There's a related question: In space can the difference in temperature between the inside and outside, provide useful energy?

The problem with that one is that it relies on the concept of "hot inside" and using space as the heat sink - while there are sources (like the Sun) which would pretty much heat up the "outside" more than the "inside", and generally a range of other problems.

Now, there should be a much simpler way of exploiting heat transfer: Let's take a pad of Peltier cells, with the side exposed to the Sun, with highly absorbent coating, and an array of radiators of high emmissivity on the "dark side".

The basic problem on Earth is the "ambient temperature" - about as much heat as is radiated out of the "cooled side" is returned to it by radiating Earth, and balanced out by convection+conduction of heat from air. In space, there's Cosmic Microwave Background (CMB) which, if I understand correctly, is fairly weak. There is no convection but radiation is fairly efficient. That means considerable amounts of heat could be transferred from the Sun side to the "outer space" side, at least as long as we remain relatively near to the Sun.

Of course such heat transfer could be exploited through any energy source that exploits heat transfer - like a Peltier cell, or even if you're willing to go that far, through a Stirling engine.

Now, how would such systems fare against "tried old" photovoltaic cells? Could someone throw some numbers at me, comparing what we could expect from the same surface/mass/price of one versus the other?

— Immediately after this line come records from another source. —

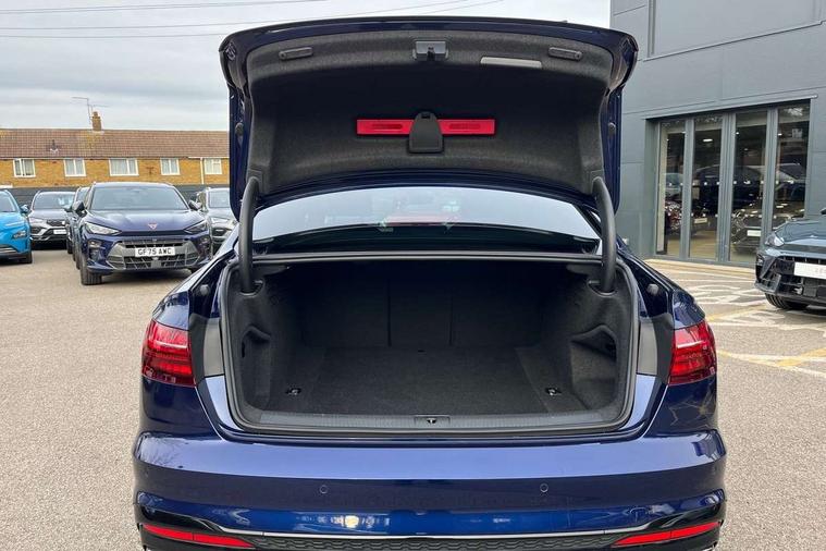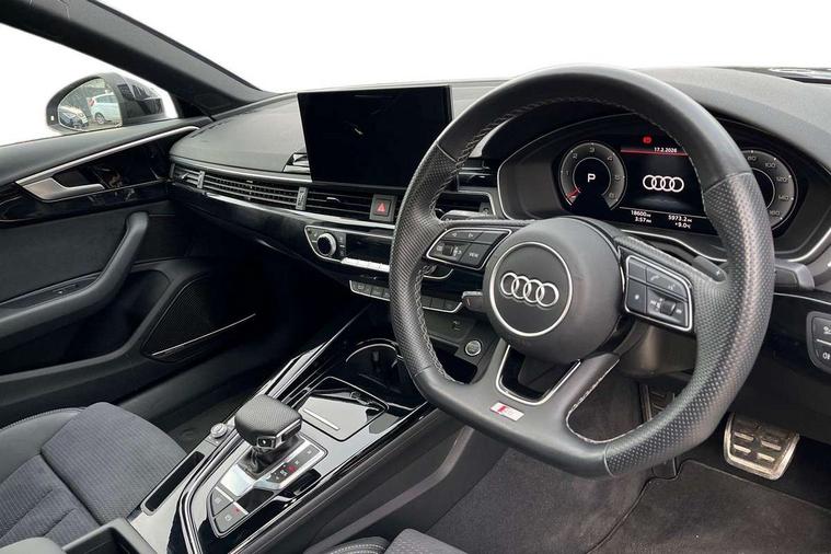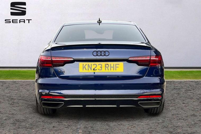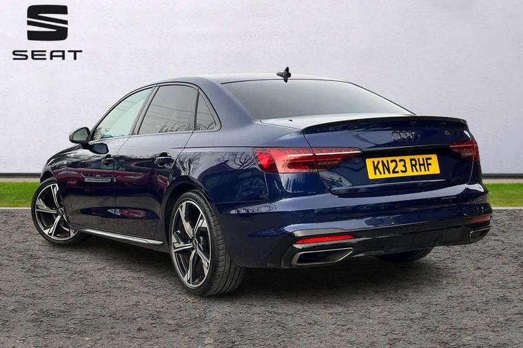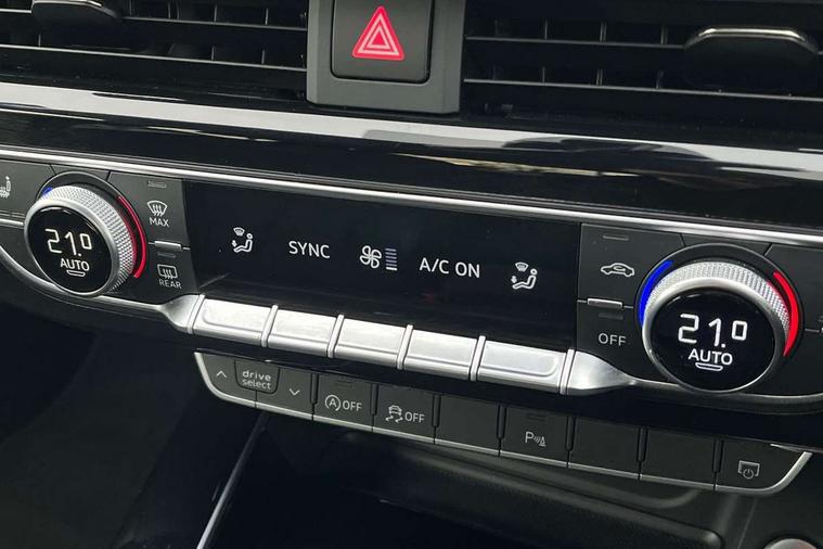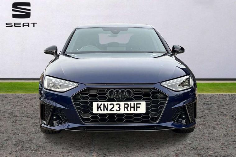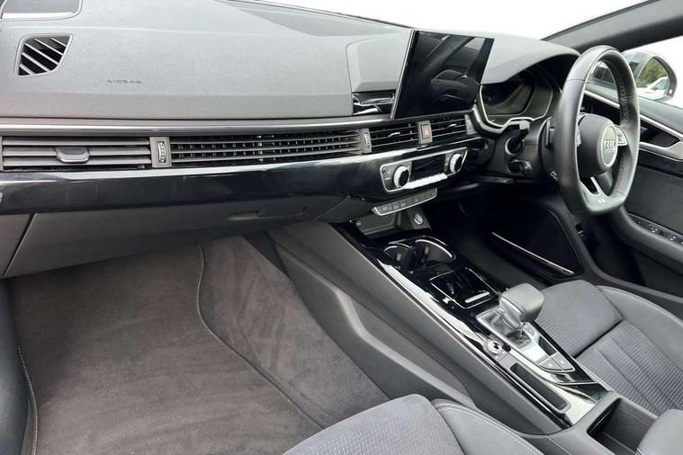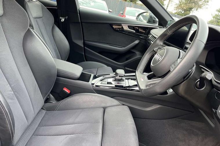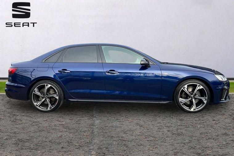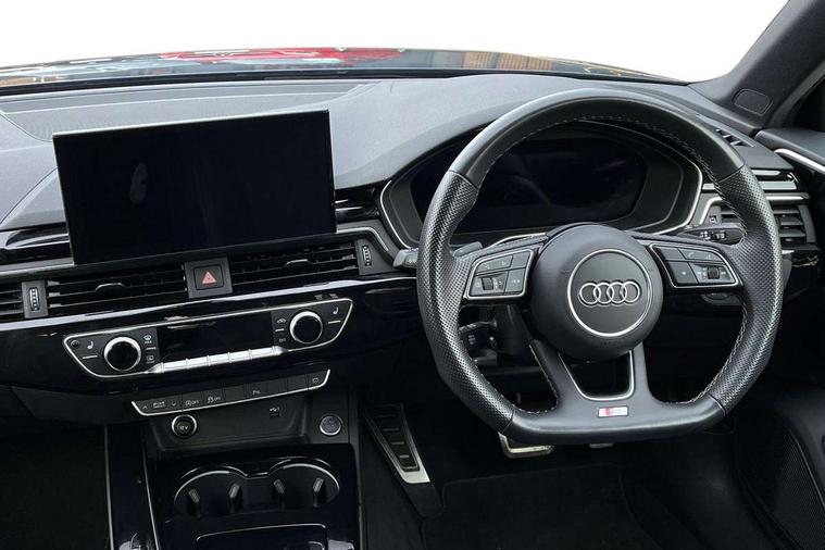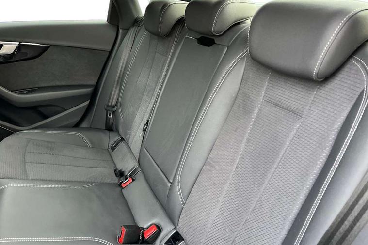 Audi connect safety and service (e-call), Audi drive select, Audi smartphone interface, Audi virtual cockpit, Automatic start-stop system with coasting functionality and efficiency programme, Bluetooth interface, Camera based traffic sign recognition, Electric boot lid release, Electromechanical power steering, Email, calendar and text messages displayed via MMI, Front and rear parking sensors, Lane departure warning, MMI Navigation plus with MMI touch includes 10.1" high resolution colour MMI display, 3D map, Rear view camera, Voice control system, Sports suspension lowered by 23mm, 2 USB charging ports, 8 passive loudspeakers, DAB digital radio reception, Audi beam uses LEDs to project the audi logo onto the ground as you exit your A4, Auto dimming rear view mirror, Black Audi rings and black badging (model name in black badging, no engine badging), Body colour door handles, Body colour front spoiler lip, Body colour side sill trim, Electrically folding auto dimming/adjustable/heated door mirrors with LED side indicators and kerb view function for passenger side, Exhaust tailpipes in high dark chrome, Grained matt black side air inlets with matt aluminium silver inlay, High beam assistant, High gloss black B pillar trims and triangular rear door trim, LED headlights with LED rear lights + dynamic rear indicators + headlight adjustment and high beam, turning light + LED daytime running lights, LED third brake light, Privacy glass, Rain and light sensors, Rear boot, Rear diffuser in matt black with trim strip in matt aluminium silver, Rear side wing doors, Sport front and rear bumpers with side skirts, Variable intermittent front wash/wipe, Windscreen with acoustic glazing, 4 way electric lumbar support for driver and front passenger, 40/20/40 split folding 3 rear seat bench in 3 parts with rear centre armrest, Black cloth headlining, Black perforated leather gearknob, Contrast stitching on seats, steering wheel and gear lever gaiter, Deluxe 3 zone electronic climate control, Door sill trims with aluminium inlay, Front and rear head restraints, Front centre armrest, Heated front seats, Illuminated door sill trims with S logo, ISOFIX child seat mounting and top tether, Manual seat adjustment, Single front passenger seat, Stainless steel pedals and foot rest, Tool kit, Black styling pack - A4 Saloon, LED Interior light pack - A4/S4, 3 rear seatbelts, 6 airbags - Driver, front passenger, curtain and side windows, Attention and drowsiness assist, Electronic Stabilisation Control (ESC) including ABS, ASR and EDL, Hill hold assist, Multi collision brake assist, Pop-up bonnet for pedestrian protection, Pre sense city, Rear door child safety locks, Seatbelt monitoring, Warning triangle and first aid kit, Anti theft alarm, Anti theft wheel bolts, Central locking, Keyless Go, Piano black finish inlay, Tyre repair kit,
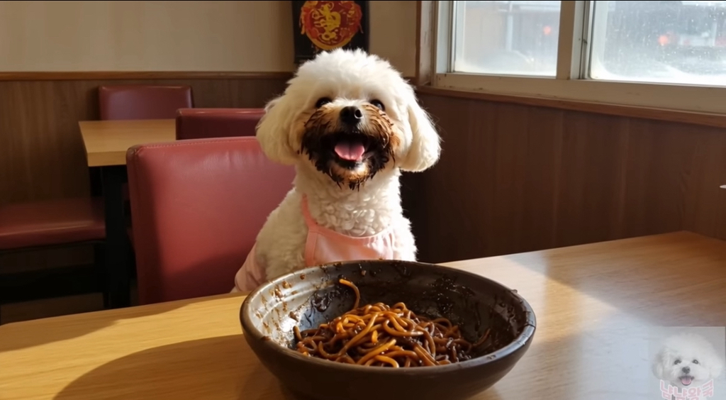짜장면이 그저 맛있는 냠냠이 (강아지는 원래는 짜장면 먹으면 안댐)
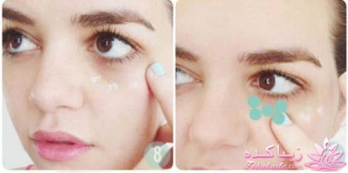 به مقدار نیم سانت از کرم دور چشم را به روی انگشت اشاره خود می گذارید.سپس از گوشه چشم مثل شکل زیر شروع به ضربه های آرام به زیر چشم می زنید.مواظب باشید خیلی نزدیک مژه های پایین نباشد تا داخل چشم نرود. و این کار را تا انتهای چشم ادامه می دهید.
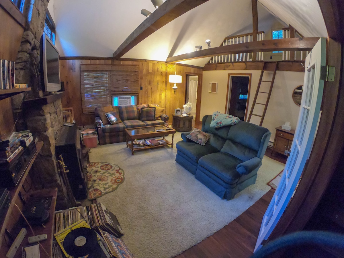 STARLINK 150-200mbps, CENTRAL AIR PRIVATE Cozy vintage charm cottage/country setting located between ERIE, MEADVILLE, CONNEAUT LAKE, PA. Vacationers, authors, fishermen welcome. Within driving distance to WALNUT/ELK CREEK, CONNEAUT, PYMATUNING, ERIE and one mile to state game lands. Abundant wildlife. Walking trails in the woods and enjoy quiet surroundings around a campfire, STARLINK internet, stream TV, Hulu, Roku. WEEKLY/MONTHLY stays are discounted. Blueberry muffins at check-in.
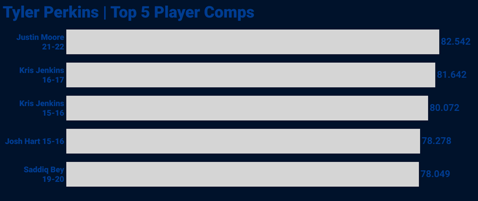 The model shows strong statistical alignment between Perkins and his closest comparisons, with a highest Comp Score of 82.54. His statistical profile reflects a well-rounded, high-impact guard/wing, combining strong scoring, rebounding, and defensive activity. Unlike more specialized players, Perkins contributes across multiple areas, with positive efficiency from three-point range and solid usage. His low turnover rate and positive assist-to-turnover ratio further highlight his efficiency. This balanced production allows the model to identify several strong comparisons among Villanova’s past versatile guards/wings.
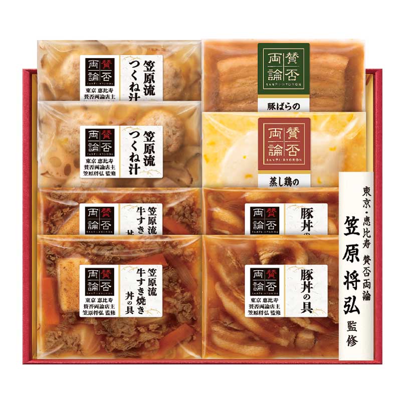 笠原流つくね汁200g×2、笠原流牛すき焼き丼の具120g×2、豚丼の具120g×2、蒸し鶏の柚子出汁餡150g、
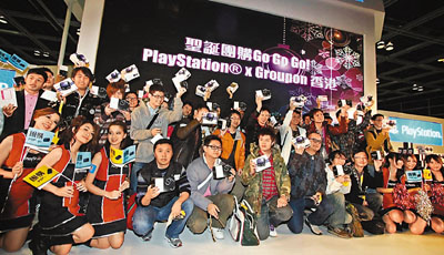 200名早前於網上登記以優惠價團購PSP和PSP go的市民,昨日到遊戲展取機。原價1,380元及1,899元的PSP和PSP go均以950元團購,各有100個名額。接受登記後20分鐘,名額即時爆滿。成功登記的黃小姐(小圖)昨日到場取機。她本來打算替朋友和自己各買一部,但用了15分鐘才替朋友成功登記。當她再嘗試為自己登記時,經已額滿。

  • $\begingroup$ Suggest doing some research, at least on the Wikipedia. Newer generations of PVs are available. The key word is efficiency. $\endgroup$ Commented Jul 29, 2013 at 9:00
  • $\begingroup$ @DeerHunter: Note the solar cell efficiencies are only for single band or a strictly limited number of bands in multi-band cell. All the other frequencies are wasted entirely. Meanwhile, with thermal transfer, you can apply a dumb black paint over a layer of sheet metal, which will absorb and turn into heat everything starting far towards X and ending somewhere beyond microwaves or further. That's a lot of heat and even losses of order of 91% may not be enough to outweigh the gain of simply absorbing everything that can be absorbed. $\endgroup$
    – SF.
    Commented Jul 29, 2013 at 9:36
  • $\begingroup$ the problem is that you have to reject all that heat afterwards. $\endgroup$ Commented Jul 29, 2013 at 10:06
  • $\begingroup$ @DeerHunter: The higher the temperature the stronger the radiation. At certain point the radiators would catch up and we'd have a rather high difference between the two surfaces (unless the whole thing burns and melts first). Now, what difference would it be? What kind of heat transfer? $\endgroup$
    – SF.
    Commented Jul 29, 2013 at 10:11

1 Answer 1


This post doesn't include any real world construction problems.

if we guess that the temperature on the cold side is -30.0 degrees F (243 K) and the temperature at the warm side is 250 F (394 K) (source), the Carnot cycle predicts an efficiency of 0.383.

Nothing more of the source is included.